I guess Scandinavia got its The Da Vinci Code. The Girl With the Dragon Tattoo is not necessarily literary pop culture garbage that every once in awhile steps in to force otherwise semi-literate people to read (code: Twilight), since it does have enough social subtext and an interesting mystery plotline to get one engaged in the plot, but the execution is so poor that one can only grieve at the potential lost in this Swedish novel, written by Stieg Larsson, who after submitting his first draft died of a heart attack, aged 50.

And one can see it is a first draft. The book is poorly written and structured – the dialogue is on-the-nose and lacking any subtlety, the narrator is overtly subjective and preachy, hitting us with a sledge hammer with morals relating to feminism, sexism and fascism. Too bad Larsson obviously didn't do his research with the latter point, offering some silly and horribly superficial political undertones into the story (the main character – a Swedish journalist named Blomkvist - writes that a Swedish magnate sold weapons to right-wing Ustashe in the Yugoslav wars in the 90s... which is incredibly ignorant and a sloppy plot point for anyone who had studied or lived through these wars).

It's interesting to notice that the original title of the book is Men Who Hate Women, which is another point as to how much Larsson didn't really cared for the subtle approach. Well, not being subtle wouldn't be such a problem if his central character, the girl with the dragon tattoo herself – Lisbeth Salander, the epitome of Larsson's frustration with sexism and harassment of women in Sweden – was indeed three-dimensional, memorable or likeable. She's none of these things. There was not a moment in the book where I sympathised with Lisbeth or understood her motives. I thoroughly disagreed with most of her principles and found her in some cases to be disturbingly annoying, for the lack of a better word. It was commendable that Larsson characterised her as a flawed individual... it's only too bad these flaws were exactly those attributes that cause such dangerous and malicious stereotyping of women in modern society – whiny, patronising, dangerously stubborn and commanding or uncarefully promiscuous. Her positive attributes are constantly being emphasised and becoming more and more over-the-top, to a point where Lisbeth becomes some sort of cartoon-like female James Bond character, hacking into tightest computer securities, speaking „Oxford English“ (barf), „impeccable German“, all while disguising herself into various characters like Simon Templar. Is this Tomb Raider or a „socially important novel“?
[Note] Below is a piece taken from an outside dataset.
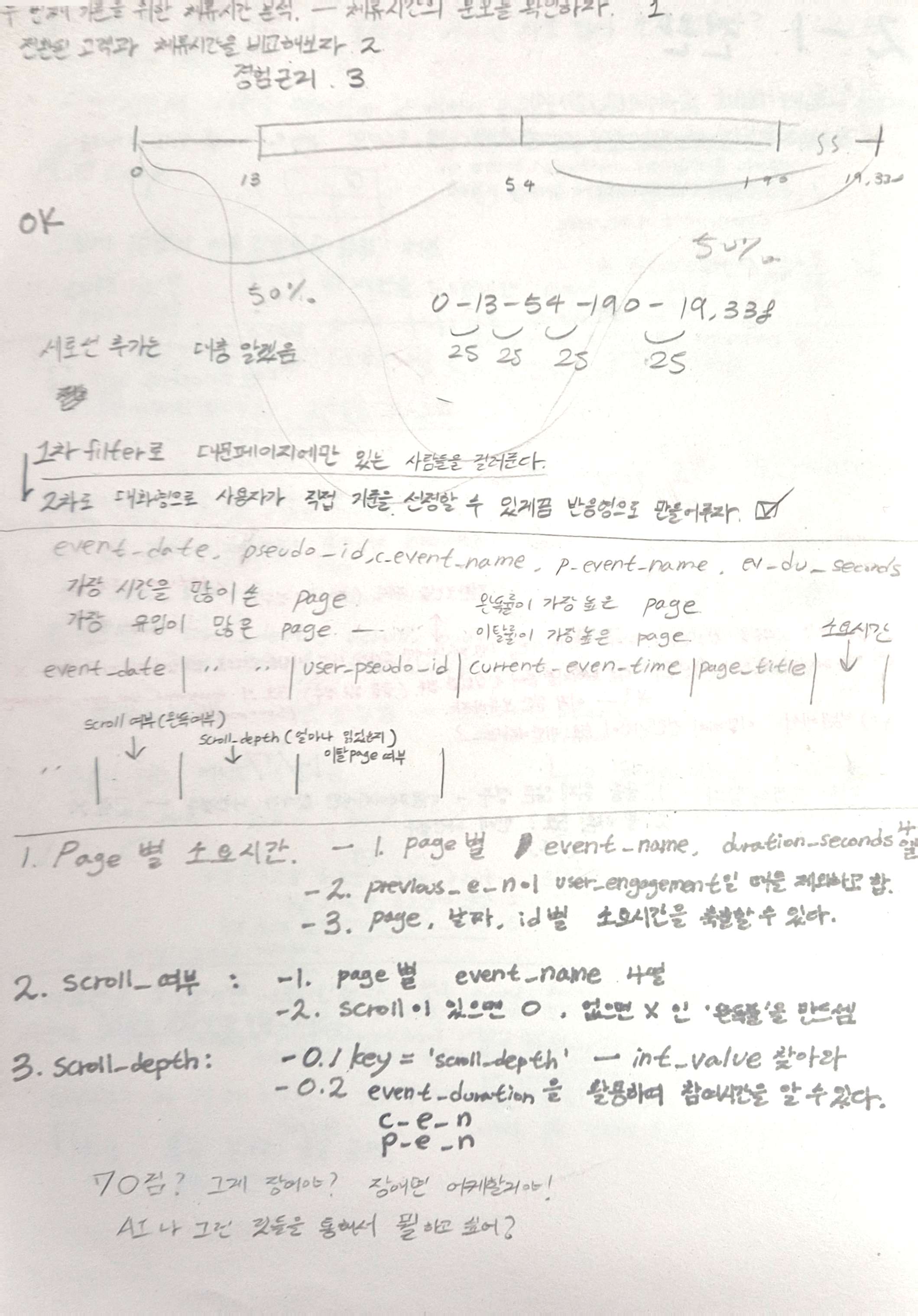 여기서 드디어 조금 쓸만한 고객정의가 나옵니다. 대문페이지에만 있다가 나간 사람들은 애초에 고객이 아니다. 물론 해당 유저들의 행동을 분석하여 어쩌다가 나갔는지 또 다른 인사이트를 제공할 수 있겠지만, 의뢰인이 그런 것 보다는 잔류한 사람들을 더 궁금해할 것 같아 과감하게 생략하기로 했습니다.

A supporting character of Erika Berger makes for a much better and more persuasive evidence of the social subtext and message that is Larsson trying to convey – a strong, independent woman taking no shit from anybody; flawed, but far more sympathetic than Lisbeth. This is why Larsson's writing could backfire and exactly create the opposite effect – which skeptics would undeniably twist and deem all critics as sexists and therefore „uncovered“. This creates an underline of demagogy all over Larsson's novel – you can take the womanizer Blomkvist, the main and mostly fair character, who gets laid all over – his intentions undeniably (intentionally or not) having sexist undertones.

There's an annoying preachiness all over the novel, both in terms of the narrator moralizing about feminism, fascism and corrupted journalism, as well as in the moral stature of its two main characters. In the climax of the novel – spoilers ahead – it is decided to cover up all the atrocities and crimes that were committed in the main mystery, not to harm or emotionally damage those whose lives had been deeply scarred by the tragedy. Both Blomkvist and Salander – agree or disagree with them – behave annoyingly holier-than-thou because of this, in terms that the truth must be told to make the harassment of women more public. 10 pages later they're illegally acquiring data by hacking to blacklist a certain Swedish magnate, not feeling they're doing something wrong and hiding behind the good old „a journalist's source cannot be discovered“ argument. So much for taking the moral high ground! Now, you might say that this is intentional and it was Larsson's goal to portray this hypocrisy (as well as sending a message that the end justifies the means), but it always seems in his repetitive writing that the narrator is backing his protagonist 99% of the time.

It was until the last 100 pages that the grade turned from „average“ to „painfully mediocre“, which are as anticlimactic as it gets. The main mystery is solved (through a scenario and a deus ex machina nicked from Hollywood's most cliched endings), and the final 5 chapters are dedicated to a faceless, one-dimensional villain not even mentioned for two thirds of the book. It was never as hard for me to finish a book as here.

I could say more about laughable plot holes and contrivances (well, try this one: the serial killer in the novel has been bringing prostitutes and immigrants to a small island with a handful of people for years and nobody seemed to noticed a thing), but you get the picture. If one is a fast reader and likes mystery novels, with an admittedly intriguing initial storyline and a couple of shocking, memorable scenes, it wouldn't be such a waste of time. I just hope David Fincher does a „Godfather“ and makes from an underwhelming literary basis something great in his upcoming American film version. But I remain skeptical.